# [WHAT YOU ARE ASKED TO DO]
Leave out every picture and set down, exactly, the lines below from the one holding "마이크로파를 만들어내는 전자레인지의" up to and including the one holding "5-1 What features".

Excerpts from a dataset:
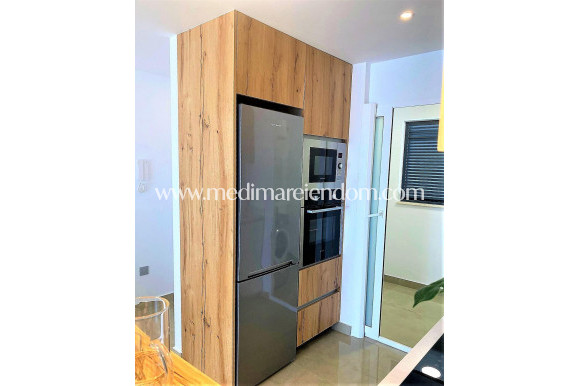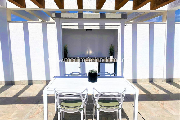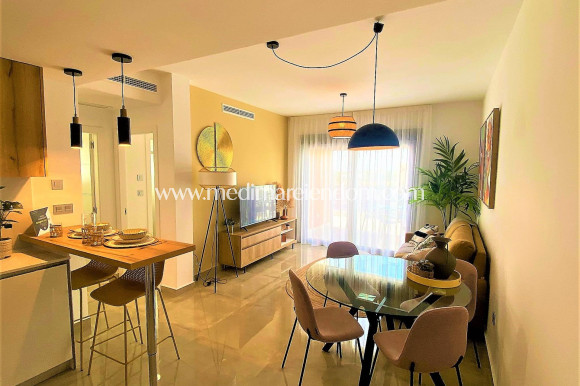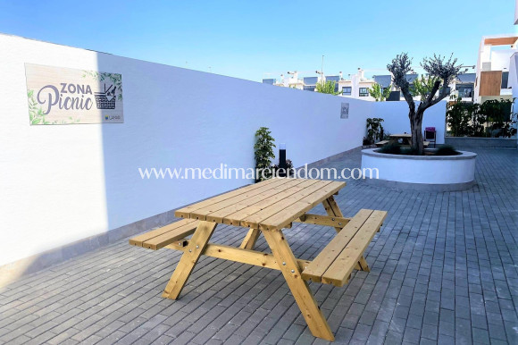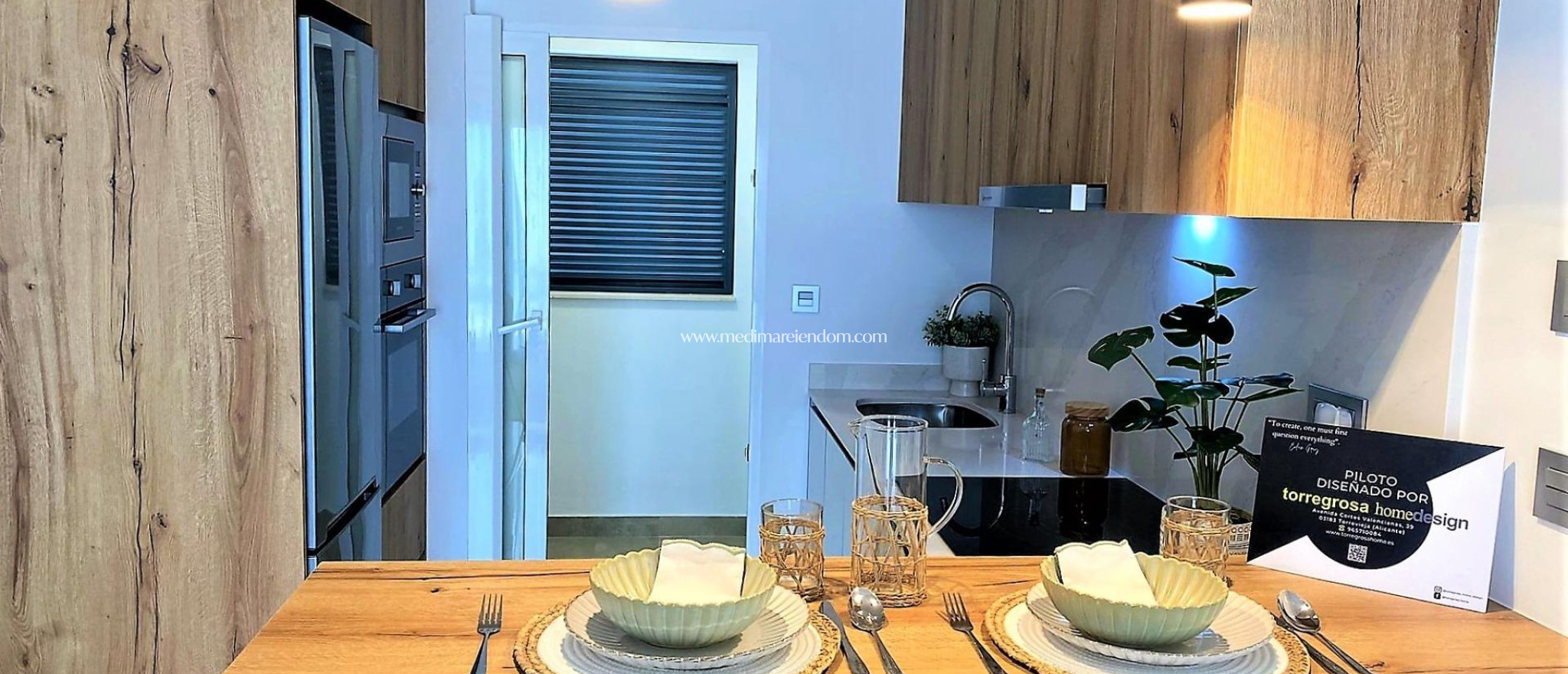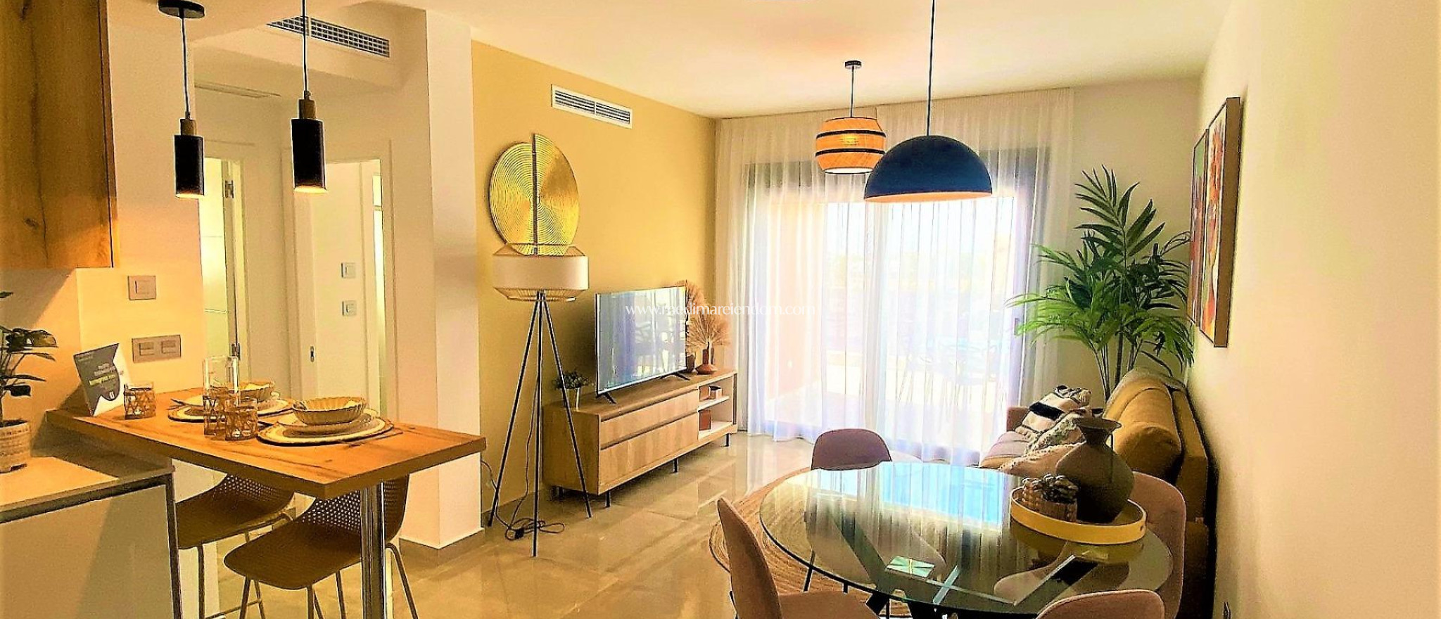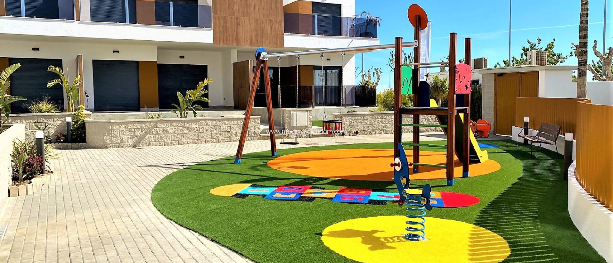 Modernt nybyggt bostadsområde i Pilar de la Horadada Stilfullt boende i hjärtat av Costa Blanca Upptäck ett nybyggt bostadsområde i Pilar de la Horadada, som erbjuder en perfekt kombination av modern design och komfort. Detta exceptionella bostadsområde har bungalows, lägenheter och takvåningar som är utformade för att uppfylla de högsta kraven för ett modernt boende. En mängd olika boendealternativ Välj mellan bostäder med 2 och 3 sovrum som är skräddarsydda för att passa olika livsstilar: Bungalows på bottenvåningen: Njut av en privat trädgård för avkoppling utomhus. Lägenheter på mellanvåningen: Rymliga terrasser för måltider utomhus. Takvåningar: Privata solarier med hisnande utsikt. Till varje fastighet hör ett garage och ett förråd i källaren, vilket garanterar bekvämlighet och säkerhet. Premiumfunktioner och bekvämligheter Dessa hem är utrustade med förstklassiga funktioner för att förbättra din boendeupplevelse: Termoakustiskt säkerhetsglas från ClimaSun. Förstärkta entrédörrar för ökad säkerhet. Golvvärme i alla badrum. Aerotermiskt varmvattensystem för energieffektivitet. Förinstallerad luftkonditionering och uppvärmning via kanalsystem. Gemensam pool, jacuzzi, gym, anlagda trädgårdar och en lekplats för barn. Hissar i flerfamiljshusen, som förbinder alla våningar från källaren till takvåningarna. Under en begränsad tid ingår vitvaror, badrumsspeglar, duschväggar och integrerad belysning i inköpspriset, vilket ger extra värde till din investering. Förstklassigt läge i Pilar de la Horadada Detta bostadskomplex är idealiskt beläget i ett lugnt och familjevänligt område i Pilar de la Horadada. Staden har en livlig huvudgata med stormarknader, butiker, restauranger och charmiga torg. Stränder: Torre de la Horadada och Mil Palmeras ligger bara 5 km bort och erbjuder sandstränder och natursköna strandpromenader. Flygplatser: Murcia-Corvera flygplats ligger 40 km bort och Alicante flygplats ligger 55 km bort. Golfbanor: Flera kända golfbanor ligger inom en radie av 15 km. Shopping: Det populära köpcentret Zenia Boulevard ligger bara 15 km bort. Hamnar: Torre de la Horadada Marina ligger bara 5 km bort. Ditt drömhem väntar Upplev det bästa av Costa Blanca livsstil i detta moderna bostadsområde. Planera ett besök idag för att hitta ditt perfekta hem i Pilar de la Horadada!
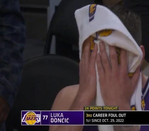 在第四节最后时刻,东契奇在防守雄鹿后卫小凯文-波特时尽管已经非常小心但仍被吹罚三分犯规,但此时湖人也没有挑战机会因此东契奇也被吹了第六次犯规不得不离场。下场后东契奇感到非常不满,他回到替补席后怒摔毛巾。
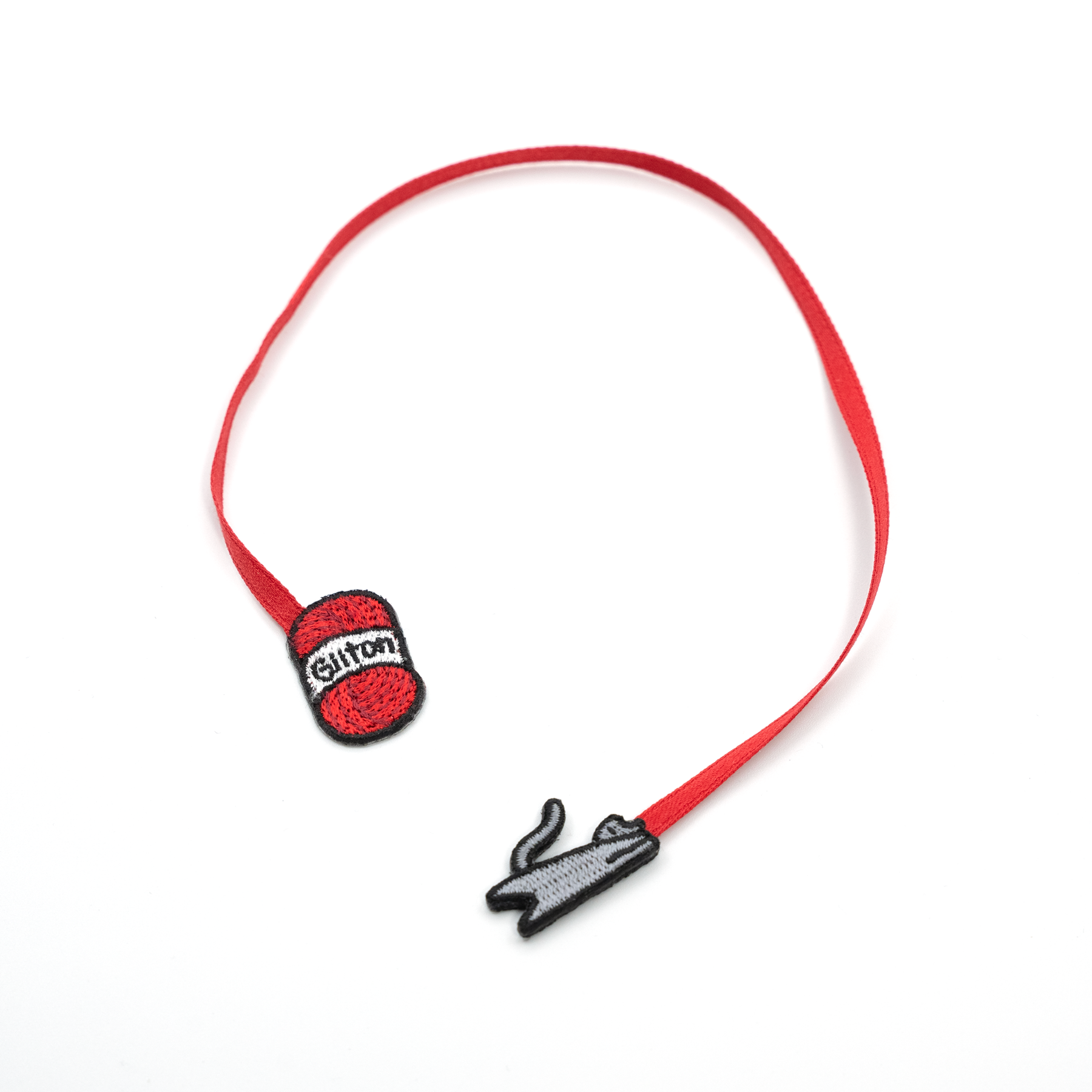 Bookmark with a red yarn and grey cat on a white background
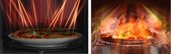 마이크로파를 만들어내는 전자레인지의 '마그네트론'은 오랜 시간 조리하는 오븐의 뜨거운 온도를 견디지 못하고 고장날 우려가 있기 때문에, 오븐에서는 마그네트론 대신 '빛'을 이용하는 '광파(원적외선)'으로 전자레인지를 대신합니다.
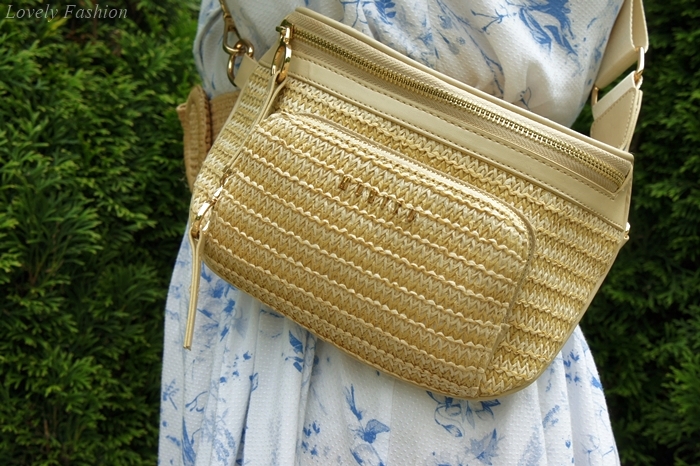 Dobry wieczór kochani! :) Tym razem prezentuję Wam kolejny letni zestaw. Jego podstawę stanowi wiskozowa sukienka o kroju babydoll, której kolorystyka bez wątpienia kojarzy się z Grecją. Początkiem tego sezonu można było właśnie zauważyć biało-niebieskie połączenia, czy motywy na witrynach wielu popularnych sieciówek. Ja do wspomnianych barw dodatkowo przemyciłam złote, drobne akcenty, a także akcesoria z plecionki, jak pasek, czy torebka nerka. Mam nadzieję, że Wam się podoba. Życzę dobrej i spokojnej nocy! :)
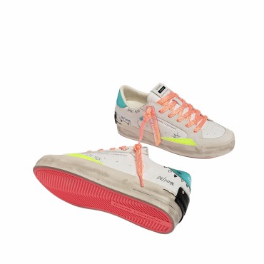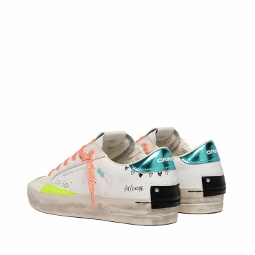 Realizzate  con materiali di alta qualità Made in Italy, presentano una tomaia in pelle bianca arricchita da dettagli in cracklé giallo fluo che creano un contrasto vivace e contemporaneo. Il talloncino in lamina turchese illumina il design, mentre la linguetta in pelle bianca con label logata e la patch in pelle nera sul retro valorizzano l’identità distintiva del brand.
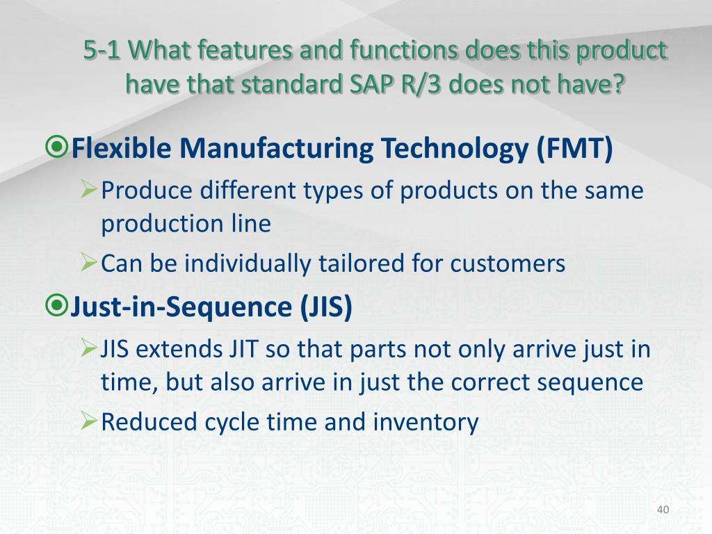5-1 What features and functions does this product have that standard SAP R/3 does not have? • Flexible Manufacturing Technology (FMT) • Produce different types of products on the same production line • Can be individually tailored for customers • Just-in-Sequence (JIS) • JIS extends JIT so that parts not only arrive just in time, but also arrive in just the correct sequence • Reduced cycle time and inventory
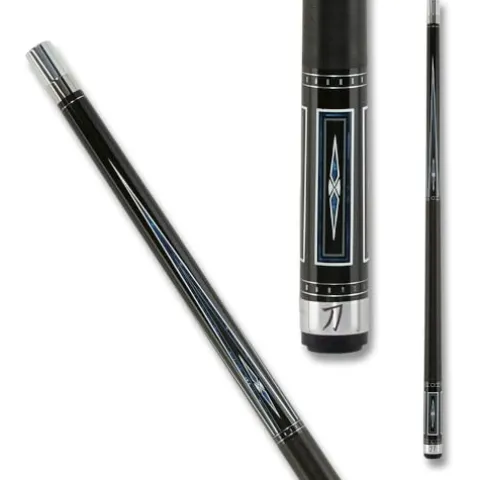 Elevate your game with the KATANA KAT16 Pool Cue, a masterpiece of craftsmanship and style. Featuring a sleek black forearm accented with striking white, blue, and grey points, this cue is both a visual and functional marvel. The 12.5mm Katana Tip by Tiger ensures precise shots, while the 29″ Katana Low Deflection Shaft enhances your accuracy and control. Perfectly balanced at 18oz, the cue’s design is completed with a black Irish linen wrap, adorned with elegant double silver rings and dashes for a comfortable grip. The butt sleeve features intricate inlays of grey rectangles and vivid blue diamonds, making this cue not just a tool, but a statement piece. Whether you’re a seasoned pro or an enthusiastic amateur, the KATANA KAT16 Pool Cue will bring precision and style to every game.
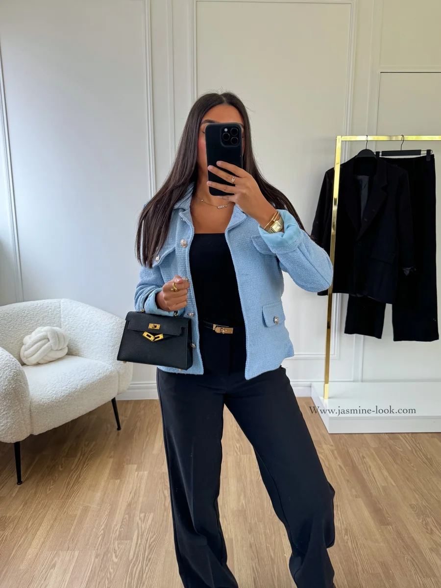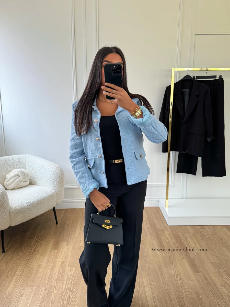 Blazer en tweed avec bouton gold coupe droite Taille parfaitement
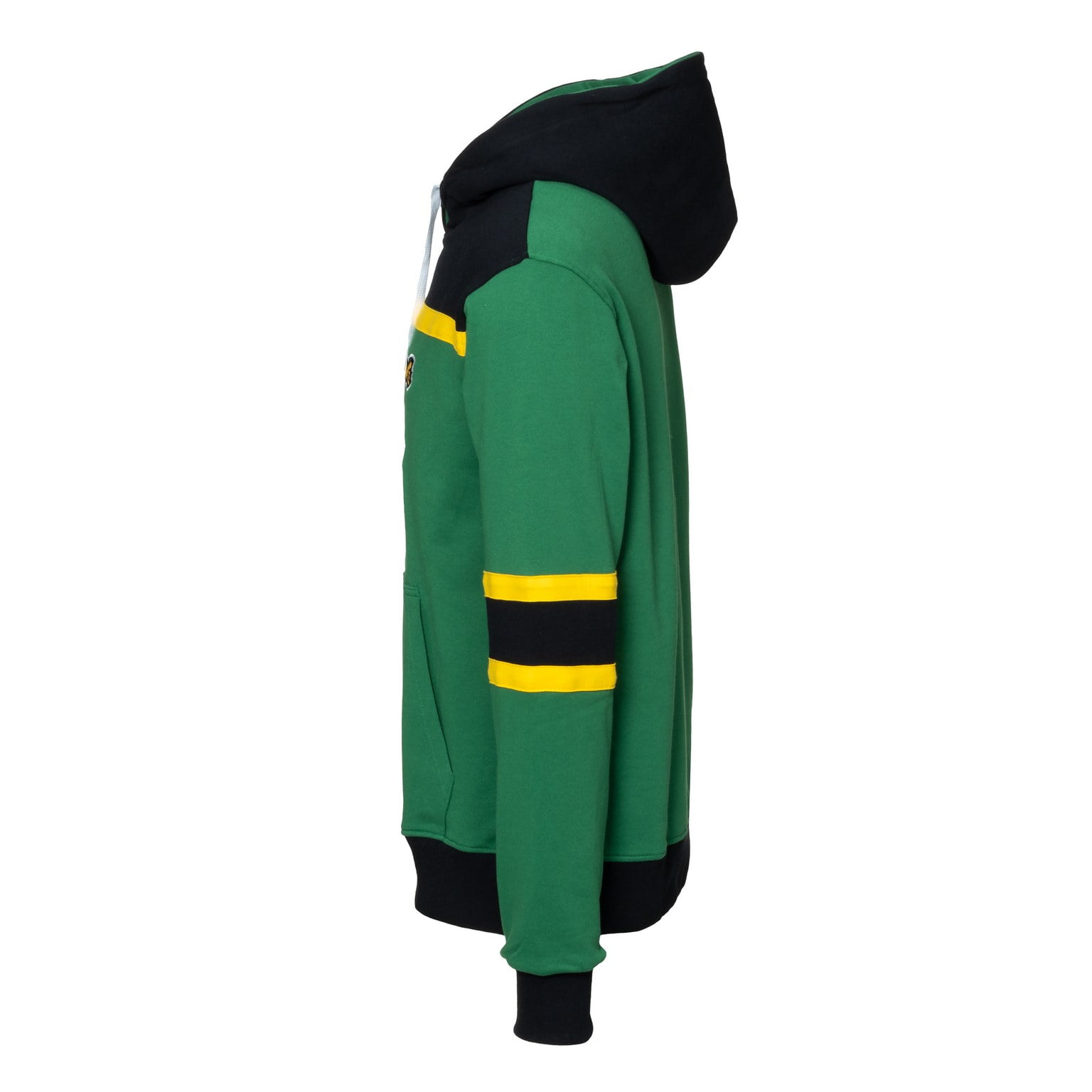 Aikuisten vihreä pelipaitahuppari, keltamustilla raidoilla ja isolla seuratunnuksella. Edessä avoin iso tasku. Valmistettu Portugalissa.

# [RESULT OF THE EXERCISE]
 마이크로파를 만들어내는 전자레인지의 '마그네트론'은 오랜 시간 조리하는 오븐의 뜨거운 온도를 견디지 못하고 고장날 우려가 있기 때문에, 오븐에서는 마그네트론 대신 '빛'을 이용하는 '광파(원적외선)'으로 전자레인지를 대신합니다.
 Dobry wieczór kochani! :) Tym razem prezentuję Wam kolejny letni zestaw. Jego podstawę stanowi wiskozowa sukienka o kroju babydoll, której kolorystyka bez wątpienia kojarzy się z Grecją. Początkiem tego sezonu można było właśnie zauważyć biało-niebieskie połączenia, czy motywy na witrynach wielu popularnych sieciówek. Ja do wspomnianych barw dodatkowo przemyciłam złote, drobne akcenty, a także akcesoria z plecionki, jak pasek, czy torebka nerka. Mam nadzieję, że Wam się podoba. Życzę dobrej i spokojnej nocy! :)
 Realizzate  con materiali di alta qualità Made in Italy, presentano una tomaia in pelle bianca arricchita da dettagli in cracklé giallo fluo che creano un contrasto vivace e contemporaneo. Il talloncino in lamina turchese illumina il design, mentre la linguetta in pelle bianca con label logata e la patch in pelle nera sul retro valorizzano l’identità distintiva del brand.
5-1 What features and functions does this product have that standard SAP R/3 does not have? • Flexible Manufacturing Technology (FMT) • Produce different types of products on the same production line • Can be individually tailored for customers • Just-in-Sequence (JIS) • JIS extends JIT so that parts not only arrive just in time, but also arrive in just the correct sequence • Reduced cycle time and inventory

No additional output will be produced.